Exercise requirements:
Retype the listing exactly; omit pictures.

━━━━━ Given material ━━━━━

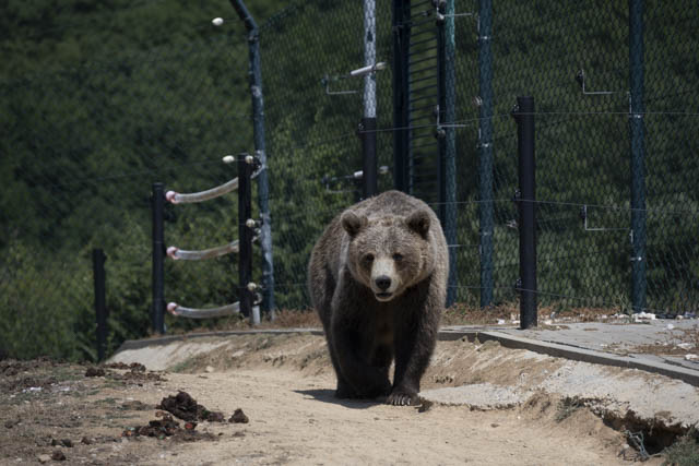 After a busy day we headed North of Pristina, the capital, where we spent a free but sleepless night in the car park of Prishtina Bear Sanctuary listening to the stray dogs barking. Tired but still excited to see some bears, we started the hilly 2km route around the complex, where strangely they also house a lion?!
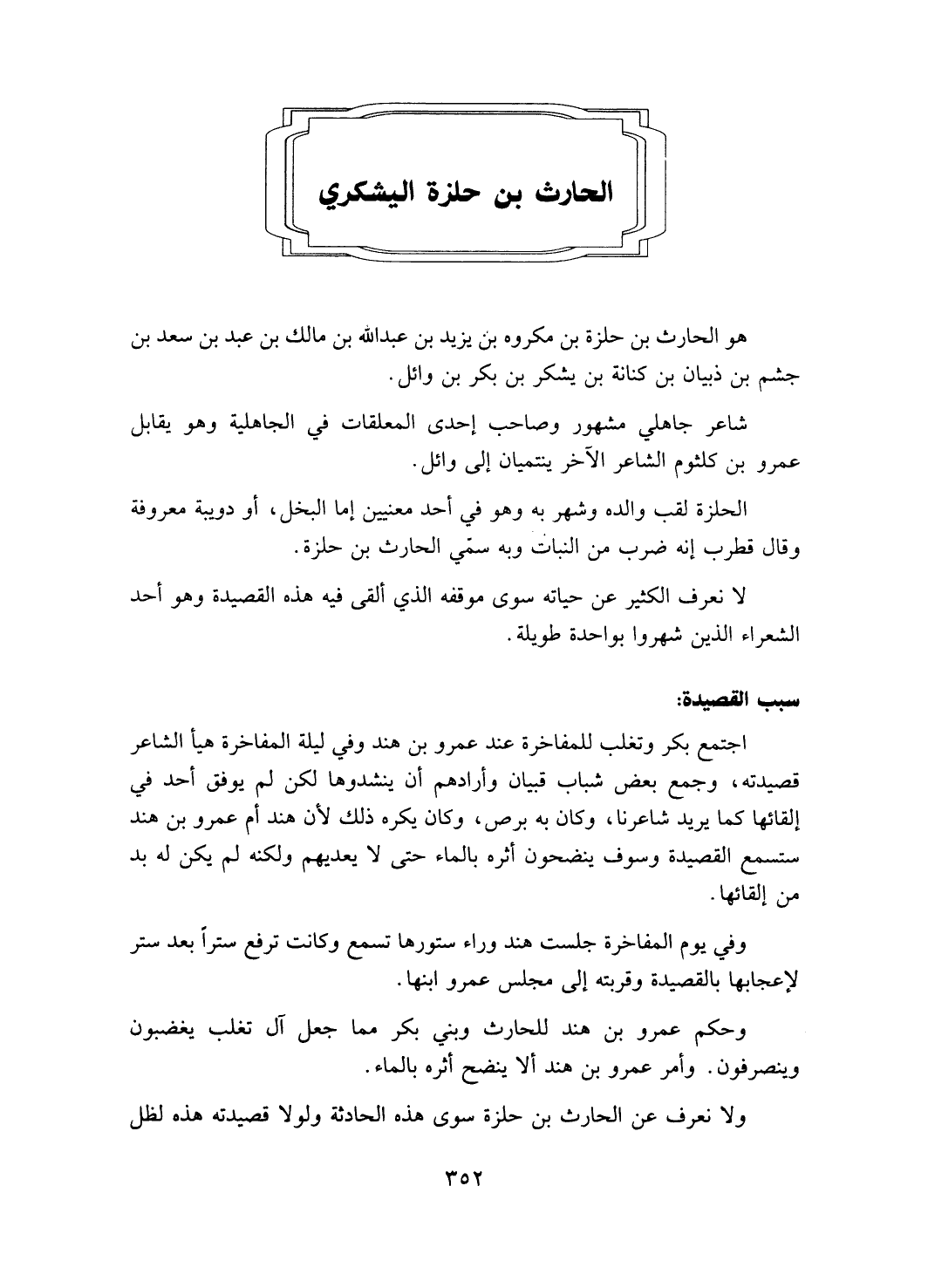 ولا نعرف عن الحارث بن حلزة سوى هذه الحادثة ولولا قصيدته هذه لظل
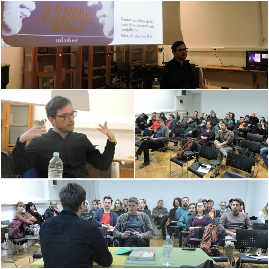 Siječanjski gost CKPIS-a bio je Franko Dota koji je doktorirao modernu i suvremenu povijest na Filozofskom fakultetu Sveučilišta u Zagrebu, obranivši 2017. disertaciju Javna i politička povijest muške homoseksualnosti u socijalističkoj Hrvatskoj (1945-1989). Trenutno je vanjski suradnik na Filozofskom fakultetu u Rijeci gdje predaje kolegije iz historijske metodologije i teorije te povijesti historiografije. Predavanje pod naslovom Na raskršću tradicije i seksualne modernosti: muška homoseksualnost u socijalističkoj Jugoslaviji održao je u ponedjeljak, 22. siječnja 2018., u 17 sati u čitaonici (dvorana 11) fakultetske zgrade u Ronjgovoj 1.
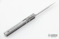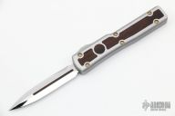 This UTX-70 by Marfione Custom Knives features a hand-ground mirror finished blade with ironwood inlays. The handle is hand sculpted two tone stainless steel body, with bronze titanium hardware, ironwood inlays and titanium button. Comes with original box, zippered case and COA. Excellent condition. 01/2022 and #006

━━━━━

Written response:
 After a busy day we headed North of Pristina, the capital, where we spent a free but sleepless night in the car park of Prishtina Bear Sanctuary listening to the stray dogs barking. Tired but still excited to see some bears, we started the hilly 2km route around the complex, where strangely they also house a lion?!
 ولا نعرف عن الحارث بن حلزة سوى هذه الحادثة ولولا قصيدته هذه لظل
 Siječanjski gost CKPIS-a bio je Franko Dota koji je doktorirao modernu i suvremenu povijest na Filozofskom fakultetu Sveučilišta u Zagrebu, obranivši 2017. disertaciju Javna i politička povijest muške homoseksualnosti u socijalističkoj Hrvatskoj (1945-1989). Trenutno je vanjski suradnik na Filozofskom fakultetu u Rijeci gdje predaje kolegije iz historijske metodologije i teorije te povijesti historiografije. Predavanje pod naslovom Na raskršću tradicije i seksualne modernosti: muška homoseksualnost u socijalističkoj Jugoslaviji održao je u ponedjeljak, 22. siječnja 2018., u 17 sati u čitaonici (dvorana 11) fakultetske zgrade u Ronjgovoj 1.
 This UTX-70 by Marfione Custom Knives features a hand-ground mirror finished blade with ironwood inlays. The handle is hand sculpted two tone stainless steel body, with bronze titanium hardware, ironwood inlays and titanium button. Comes with original box, zippered case and COA. Excellent condition. 01/2022 and #006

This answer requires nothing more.